My problem with the idea that science, because it may be limited in scope by its own preconditions is therefore useless or inadequate, is that abstractions like science are never useless. Ok maybe they come running out of the same source (the unconscious) that everything else does, but so what?

I'd rather get that new liver future scientists could've made for me with stem cells from my own cord blood (or wherever, there are all these exciting new ways to get stem cells, the Japanese are doing great with this) than have to die slowly and in pain.

The only really rational act, if you ask me, is the attempt to limit the pain people feel for as long as they're forced to be alive. I think this is what science should be about.

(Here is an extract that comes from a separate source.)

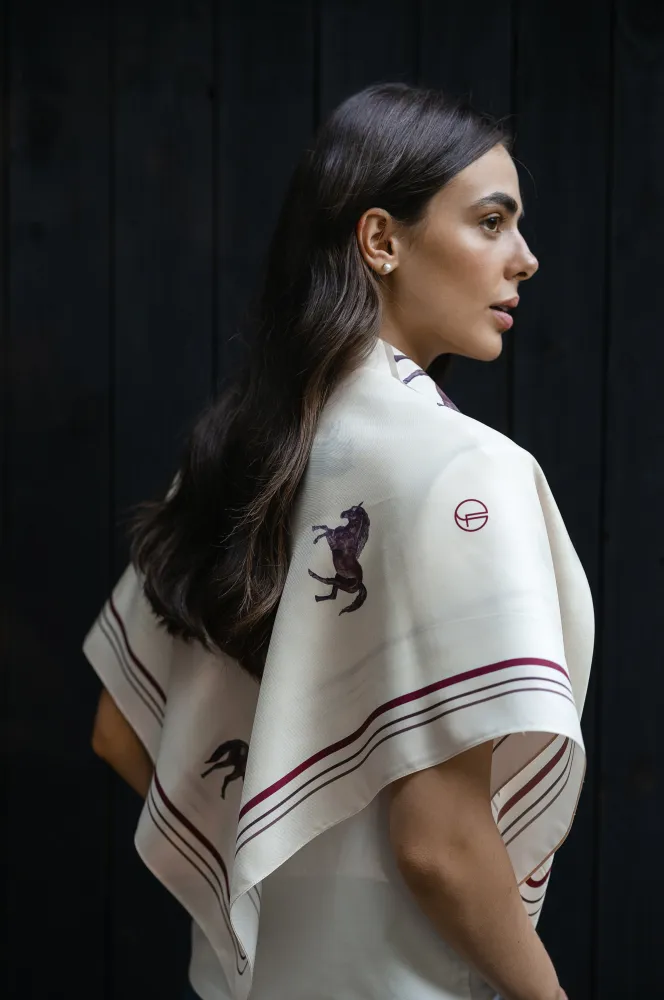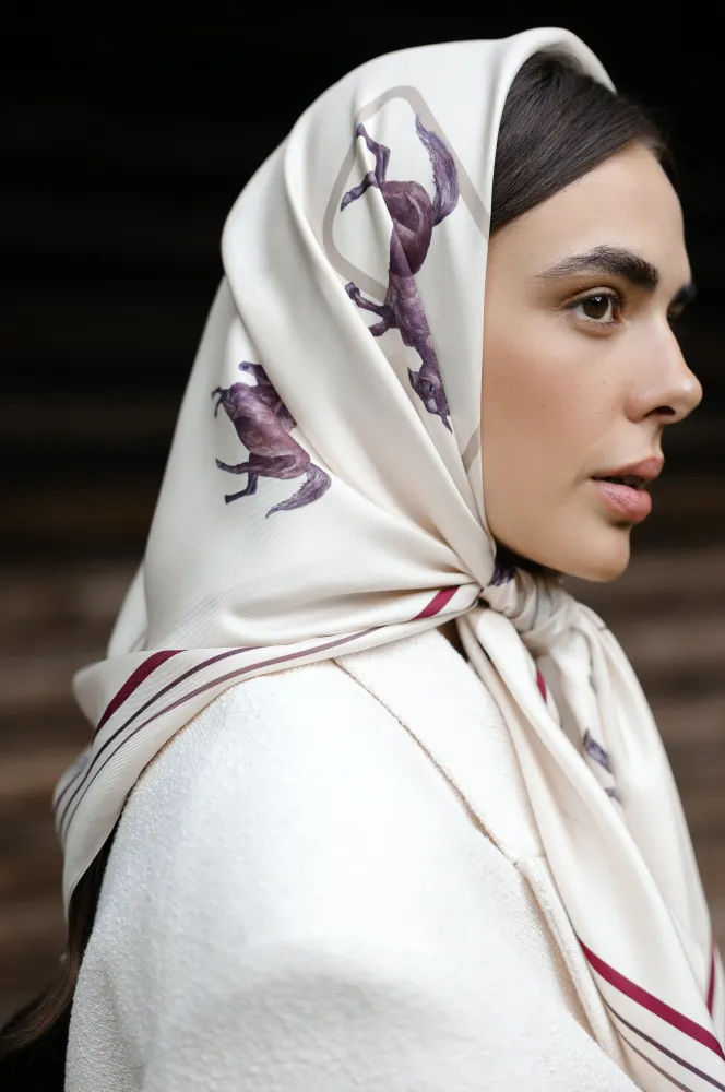 Хустина у класичному стилі, з мʼякими молочно-коричневими тонами. Малюнок на ній про волелюбність — рису, яка близька і нам, визначальна для менталітету українців. Саме таке втілення сили, грації та краси цих тварин намагалася передати авторка малюнку — Марія. У м’якій акварельній техніці їй вдалося відобразити пластику тіла коней у русі та статиці. Композицію принта доповнює естетичний напис “Сила в тобі”, як нагадування про внутрішню опору та красу.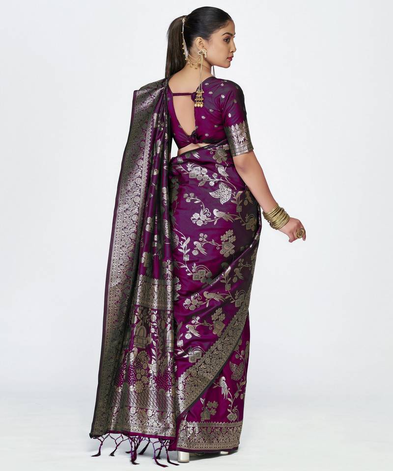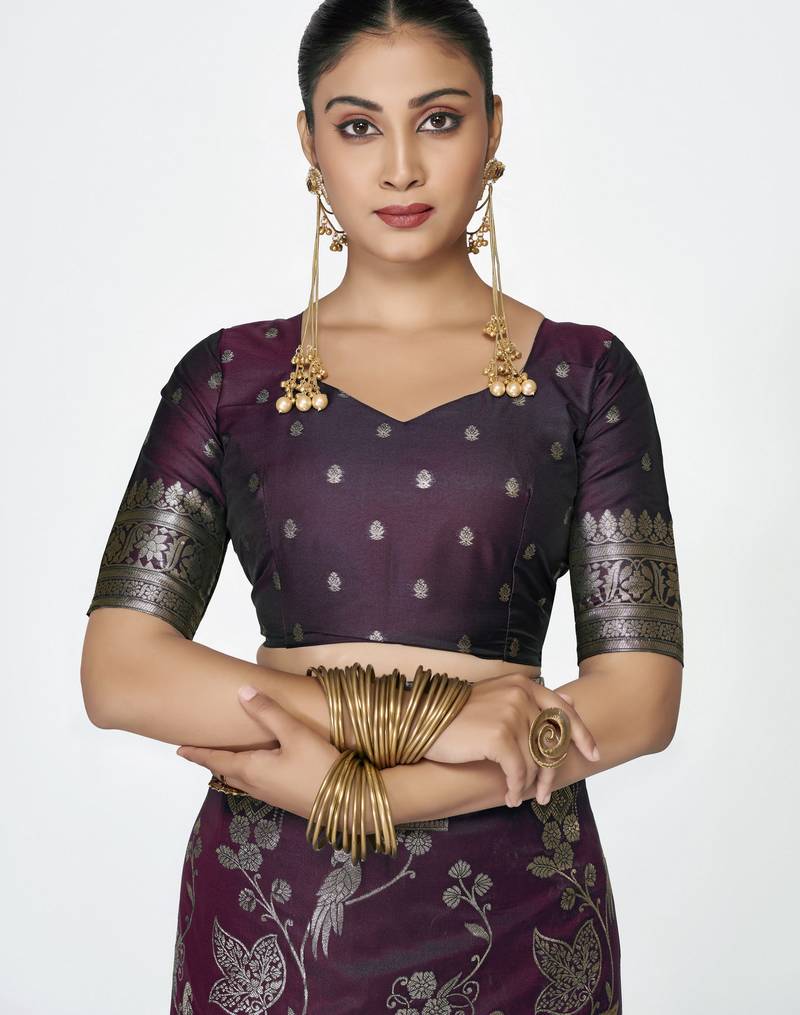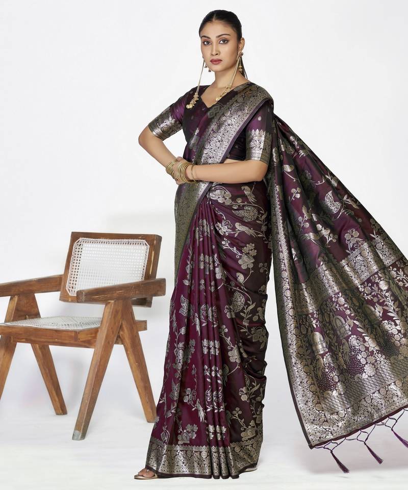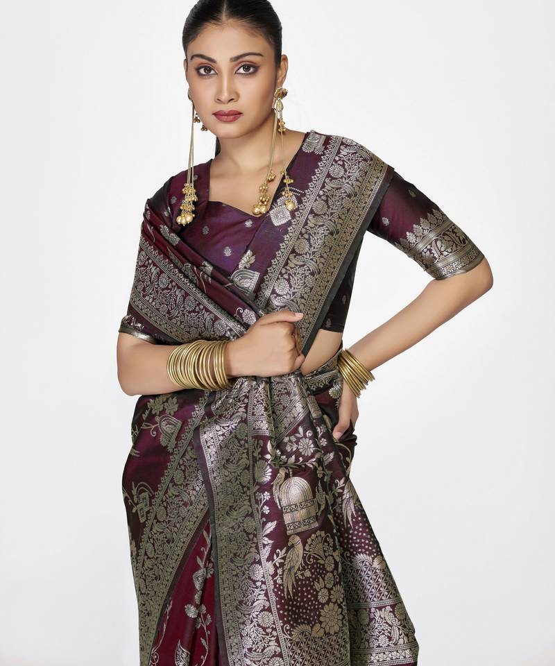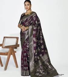 Wine color banarasi art silk fabric woven jari designer ceremonial partywear saree

I'd also rather believe my own eyes than someone else's absolutism. Call me crazy.
 

nomadthethird

more issues than Time mag
the very fact that the "rationalist programme", if you will (by which I mean mathematics, science, engineering, medicine and so on), has got as far as it has, is proof that whatever physico-chemical processes that occur in the lumps of warm offal we all carry around in our skulls must, at some level, be adequate to understanding the phenomena of the natural world that would quite happily carry on functioning whether we're here or not.

Interesting, this is the exact same justification/defense I use for psychoanalysis when people question its relevance/adequacy/importance/tenets/methods. If it didn't "work", if psychoanalysis weren't "on to something", the FBI wouldn't be using it (successfully) every day in criminal investigations and especially for profiling purposes.
 

waffle

Banned
Mr. Tea, if you're talking about the Bell Curve [again guh], I suggest you get a copy and actually look through the data and "research." I'm sure anyone who is getting a PhD in physics will be able to spot the gigantic holes in their controls...

Ha! Didn't Dr Strangelove have a PhD in physics? And the Dr Strangelove of Economics, Milton Friedman, ditto in, oh I've forgotten.